I’m reading in some old text data (as C-Strings) that was apparently saved in MAC-IS format. (Maybe that’s also know as Roman?) I need to add these strings (preset names) to a StringArray so I can add an itemList to a Combobox.
I am encountering ellipsis specified as ‘\xc9’, and of course when I try to add it to a StringArray I get the assert of:
“you’re trying to create a string from 8-bit data that contains values greater than 127.”
I found this online:
<code_set_name> MAC-IS
<comment_char> %
<escape_char> /
% version: 1.0
CHARMAP
[…snip…]
<U00AB> /xc7 LEFT-POINTING DOUBLE ANGLE QUOTATION MARK
<U00BB> /xc8 RIGHT-POINTING DOUBLE ANGLE QUOTATION MARK
<U2026> /xc9 HORIZONTAL ELLIPSIS
<U00A0> /xca NO-BREAK SPACE
<U00C0> /xcb LATIN CAPITAL LETTER A WITH GRAVE
<U00C3> /xcc LATIN CAPITAL LETTER A WITH TILDE
[…snip…]
How can I convert this automatically into a UTF8 or other format that juice::String will accept? I’ve tried various things but nothing’s working. I should mention I’m working on Mac right now…

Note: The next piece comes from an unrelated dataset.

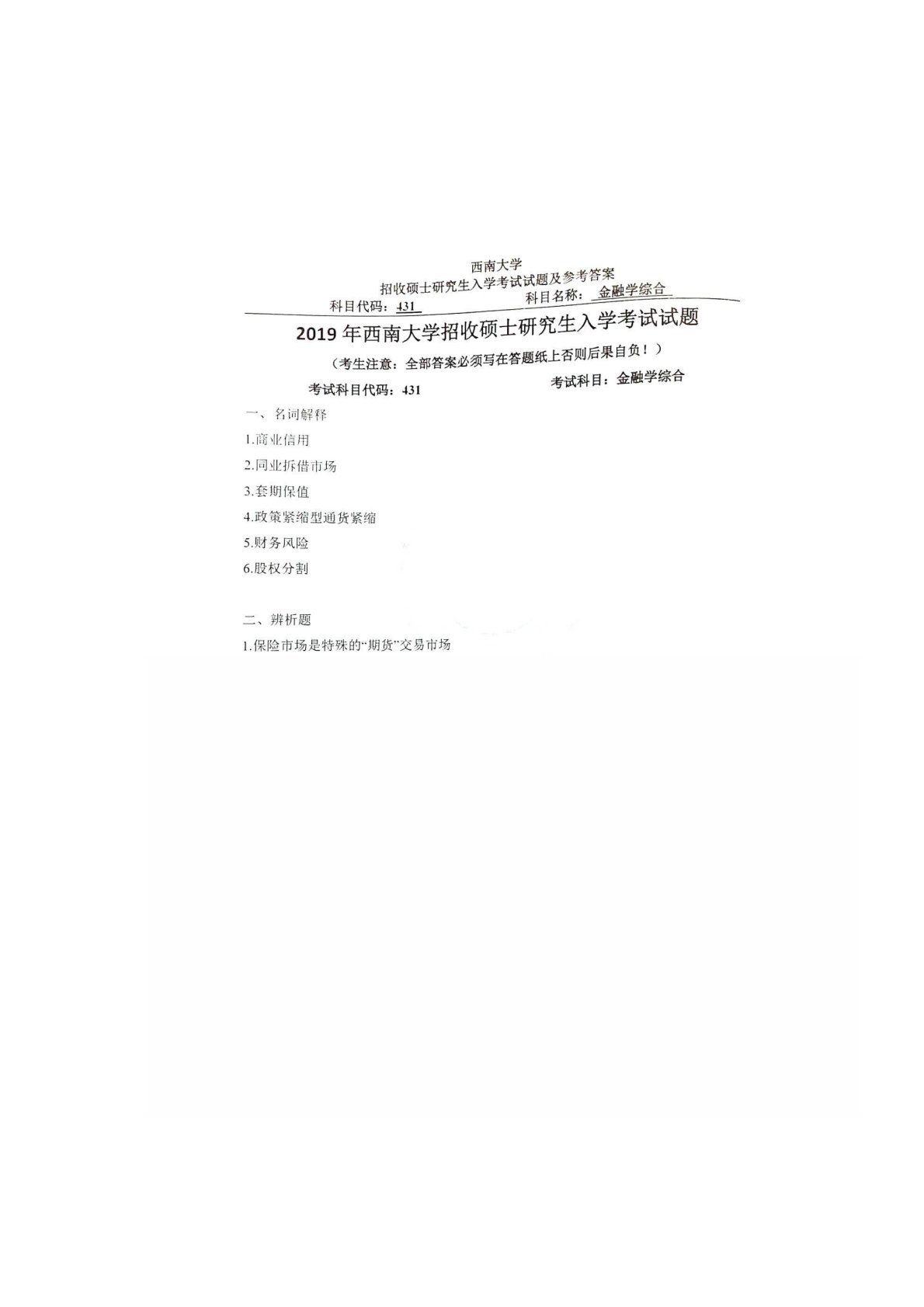 西南大学431金融学综合2019年真题

What I ended up doing, not sure if it’s a great solution or bulletproof, was to manually convert the ellipsis to a 3-byte UTF8 ellipsis and handle any other weird characters by replacing with a space (so I can maybe handle them as well if I have to):
variables:
char theTempName[256];
StringArray menuList;
[snip...]
if (CharPointer_ASCII::isValidString (theTempName, std::numeric_limits<int>::max()))
menuList.add(theTempName);
else
{
char* c;
size_t n, len = strlen (theTempName);
for (n = 0, c = theTempName; n < len; n++, c++)
{
if ((unsigned char) *c == 0xc9) // ellipsis
{
// move the portion after this byte down by 2 bytes
jassert(len < sizeof(theTempName) - 2); // enough room?

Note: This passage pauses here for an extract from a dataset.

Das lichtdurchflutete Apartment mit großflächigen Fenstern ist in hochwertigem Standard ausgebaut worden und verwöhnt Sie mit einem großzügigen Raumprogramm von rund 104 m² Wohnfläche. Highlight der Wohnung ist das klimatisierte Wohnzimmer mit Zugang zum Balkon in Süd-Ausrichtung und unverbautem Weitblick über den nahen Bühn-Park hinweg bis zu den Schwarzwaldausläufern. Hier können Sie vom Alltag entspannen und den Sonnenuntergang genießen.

memmove(theTempName + n + 3, theTempName + n + 1, len - n);
// replace the 3 bytes with the UTF8 code for ellipsis
*c = '\xe2'; c++;
*c = '\x80'; c++;
*c = '\xa6';
len += 2; // we "inserted" 2 bytes
}
else if ((unsigned char) *c > 127)
{
*c = ' '; // replace others with a space
}
}
menuList.add(CharPointer_UTF8(theTempName));
}
Trying this:
menuList.add(CharPointer_UTF16(theTempName));
… just gives me an error, I tried different things, couldn’t make it work:
No matching conversion for functional-style cast from 'char [256]' to 'juce::CharPointer_UTF16'
CharPointer_UTF16 expects the source to be of 16bit width (uint16_t). I assumed UTF16 from your snippet, but it looks like it could be a non-standard UTF8 variant.
Unicode is a bit annoying; you can store all variants of Unicode text in a char array.

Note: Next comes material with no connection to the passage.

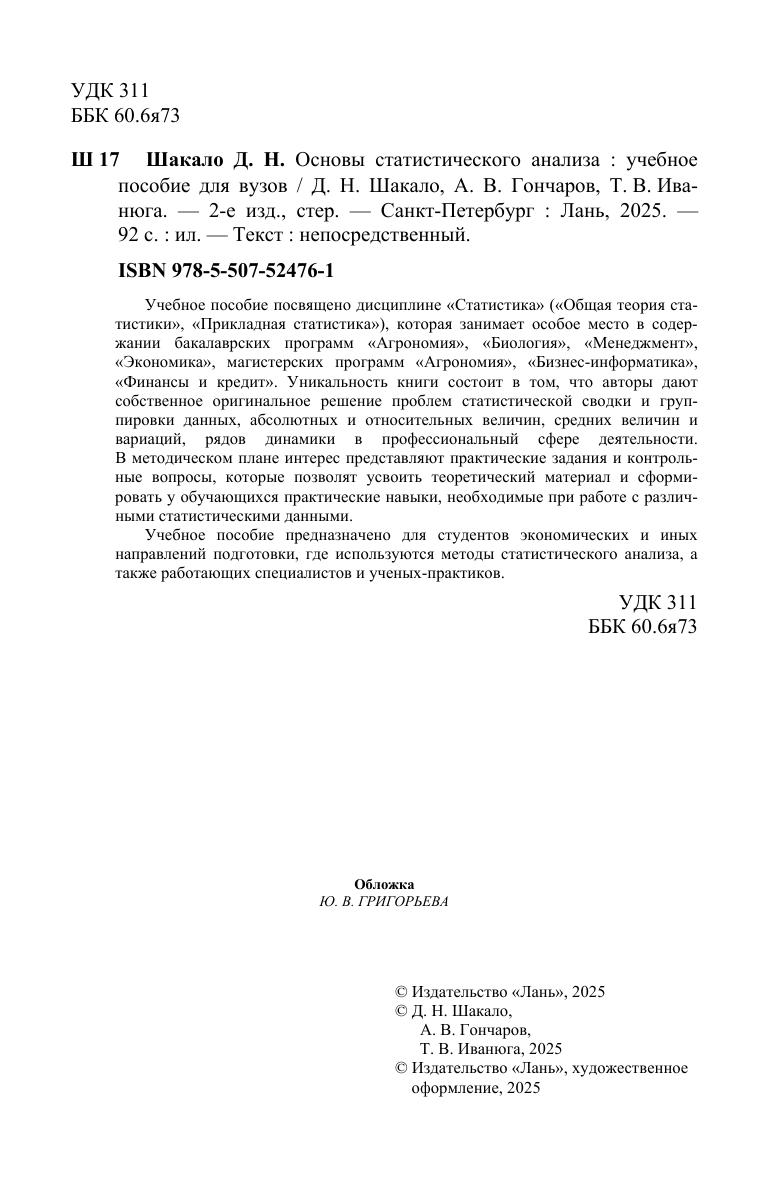 Учебное пособие посвящено дисциплине «Статистика» («Общая теория статистики», «Прикладная статистика»), которая занимает особое место в содержании бакалаврских программ «Агрономия», «Биология», «Менеджмент», «Экономика», магистерских программ «Агрономия», «Бизнес-информатика», «Финансы и кредит». Уникальность книги состоит в том, что авторы дают собственное оригинальное решение проблем статистической сводки и группировки данных, абсолютных и относительных величин, средних величин и вариаций, рядов динамики в профессиональный сфере деятельности. В методическом плане интерес представляют практические задания и контрольные вопросы, которые позволят усвоить теоретический материал и сформировать у обучающихся практические навыки, необходимые при работе с различными статистическими данными. Учебное пособие предназначено для студентов экономических и иных направлений подготовки, где используются методы статистического анализа, а также работающих специалистов и ученых-практиков.

It’s most likely an old 8-bit format where 0-127 is ASCII and 128-255 is whatever they felt like.
UTF-8 only keeps the 0-127. You can either translate the values >= 128 from the original format into their UTF-8 equivalents, or strip them out.
That table you found actually has the mappings from MAC-IS to UTF-16, so you’re already halfway there, just need to implement that table and use UTF-8 instead of UTF-16.